As someone who narrates her daily life and breaks the fourth wall (wait, is there a fourth wall in real life?), I really enjoyed (and still enjoy) seeing that reflected in fiction and film. Watching the show now, years after last reading the book or watching the movie, I still feel “seen” and understood. I am an adult female with a black heart, but this show rewinds my memories to high school and college and helps me harness those emotions more than reading young adult fiction has done for me lately. I don’t know what that says about me, but overall it’s nice to remember I did used to feel feelings and have hopes and dreams. The show itself has taken me to a place that should help me finish a work that has been… a decade? in the making. A short story collection centered around music, one playlist in particular, and if there’s anything any version of Rob understands, it’s the perfect playlist.

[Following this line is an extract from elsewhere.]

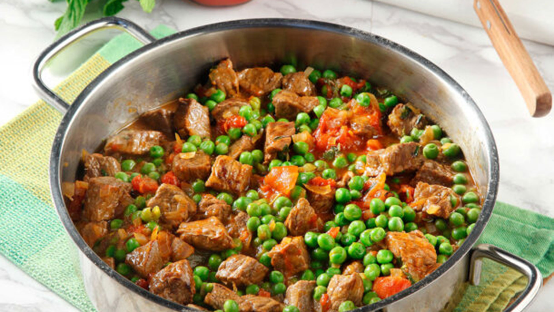 Λαχταριστό μοσχαράκι κοκκινιστό με καταπράσινο αρακά και αρωματικό δυόσμο, ένα αγαπημένο φαγητό.

So here I am, slowly watching episode after episode of High Fidelity, listening to that playlist, thinking about my words and my stories and my memories, trying to get it all down and out there so… who knows what will happen to it, but at least it will be done.

See some of my thoughts on other books to tv shows or movies:
You
Bird Box

Dead to Me and Good Girls

Just for Fun

Last semester I taught a Creative Writing club for 3rd – 7th graders. Besides learning a lot about how to teach writing, and how to encourage creativity in young kids, I learned a lot about my own writing. About how it’s one thing to write to pursue publication, but also that it’s important to have fun. You still need to write to write, create for the sake of creating, get stories on paper to get them out of your mind, even if they’re not “literary” or “marketable”.

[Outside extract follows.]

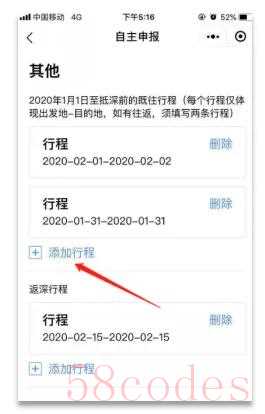 第二步:添加行程。如有多段行程,请在点击确定后,再次点击“添加行程”,添加下一段行程。

At the end of the semester, we created a zine. I’ve wanted to make a zine since I was enchanted by Jennifer Mathieu’s Moxie. It seemed like an engaging way for the students to share their writing, so everyone made a one page spread that we compiled into a single booklet, copied, stapled, and distributed. We wanted something to show for all the hard work of the semester, but also something that was fun.

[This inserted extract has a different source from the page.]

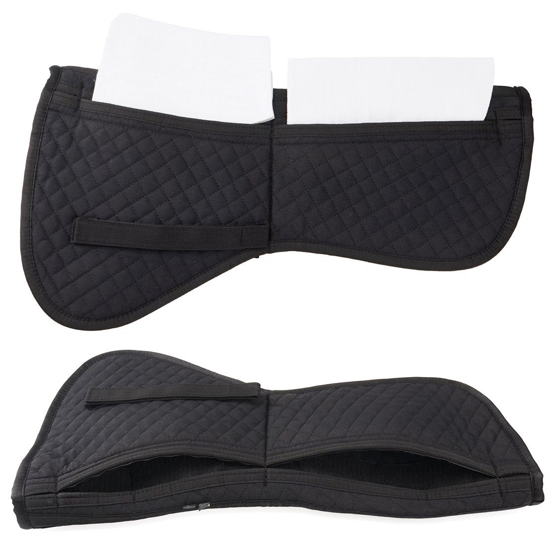 Das Equinate Korrekturpad aus Steppstoff ist vielseitig einsetzbar und dient zur Korrektur bei schneller körperlicher Entwicklung von Jungpferden, bei ausgebildeten Pferden die sich während des Trainings verändern, zum Ausgleich von Unregelmäßigkeiten des Körperbaus (z.B. ungleiche Seiten) sowie bei altersbedingten abgesenktem Rücken zur Wiederherstellung der Sattelbalance. Das Pad kann mit Hilfe der Filzeinlagen (pro Tasche) auf ca. 3, 6 oder 9 mm aufgepolstert werden, somit wird eine Feinabstimmung der Sattellage problemlos möglich.

It made me remember the zine I created after finishing a semester of poetry workshop. It wasn’t that I had pushed it out of my mind, it was just that I created a single copy on a whim, and had never done anything with it. At the time, I had already taken fiction workshops and knew the importance of feedback and revision, but the practice seemed totally different for poetry. More involved. More delicate. I was proud of the work and wanted to do something with it, instead of letting the files stagnate on my hard drive.

I think that’s important for me now, too. I wrote something, and even if it’s not published, even if it’s not submitted, I can turn it into something more, something to keep, something to acknowledge. It’s an accomplishment, just getting the words out of my head, and I like having something to show for it. If the process itself is fun for me, then that’s a bonus!